Leader of Opposition in Gujarat Legislative Assembly
- In office 6 January 2018 – 4 December 2021
- Preceded by: Mohan Rathwa
- Succeeded by: Sukhram Rathva

Member of Gujarat Legislative Assembly for Amreli
- In office 20 December 2012 – 2022
- Preceded by: Dileepbhai Sanghani

Member of Gujarat Legislative Assembly for Amreli
- In office 2002–2007
- Succeeded by: Dileepbhai Sanghani

Personal details
- Born: Paresh Kumar Dhiraj Lal Dhanani 15 August 1976 (age 49) Amreli, Gujarat, India
- Party: INC
- Spouse: VarshaBen
- Children: 2 daughters (Sanskruti, Pranali)
- Occupation: Politician, farmer

= Paresh Dhanani =

Indian politician

Paresh Kumar Dhiraj Lal Dhanani is an Indian politician from Gujarat associated with the Indian National Congress.
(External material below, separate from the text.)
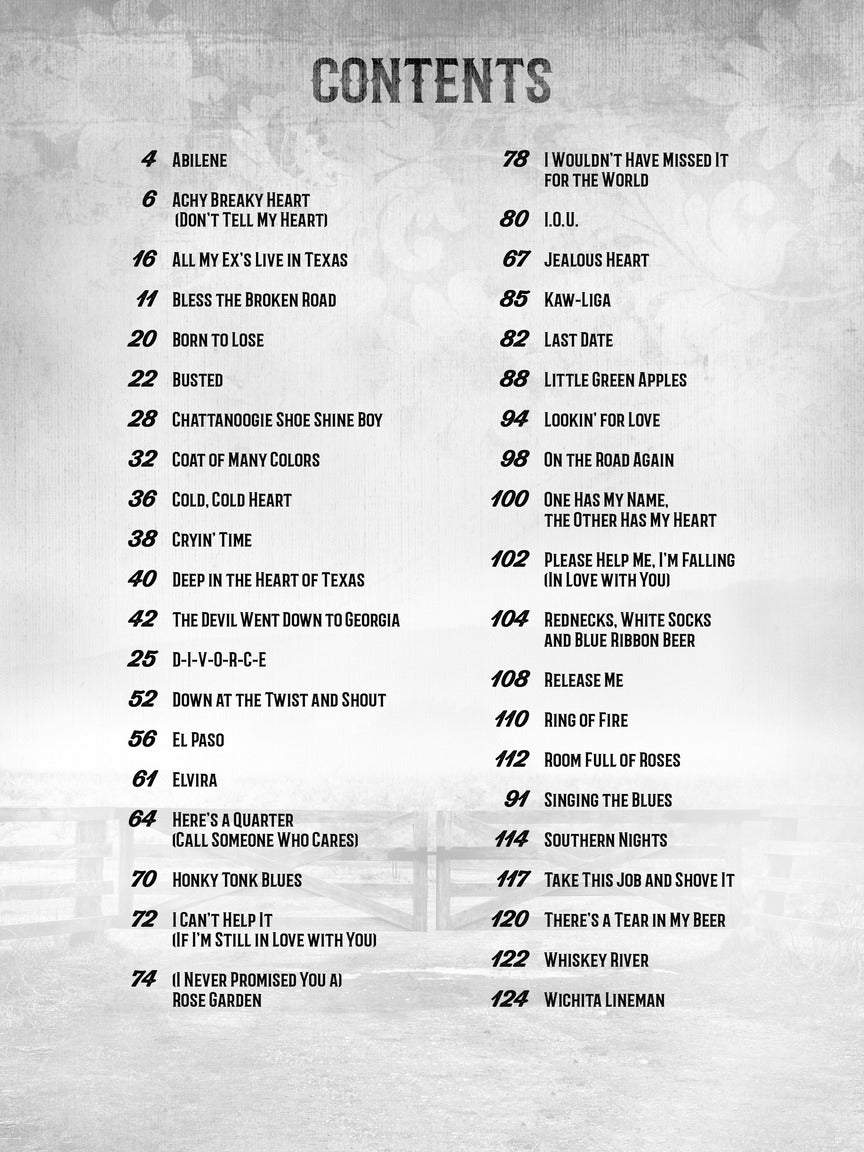 Inside this songbook, you'll find a diverse collection of timeless country hits. From the toe-tapping "Abilene" to the fiery "The Devil Went Down to Georgia" and the smooth harmonies of "Islands in the Stream," these songs capture the essence of country music's rich heritage.

He is the former leader of opposition in the Gujarat Legislative Assembly. First time he was elected as an MLA from Amreli in 2002 against Purushottam Khodabhai Madhabhai Rupala. He earlier represented Amreli from 2002 to 2007.

He completed B. Com. from Saurashtra University in April 2000.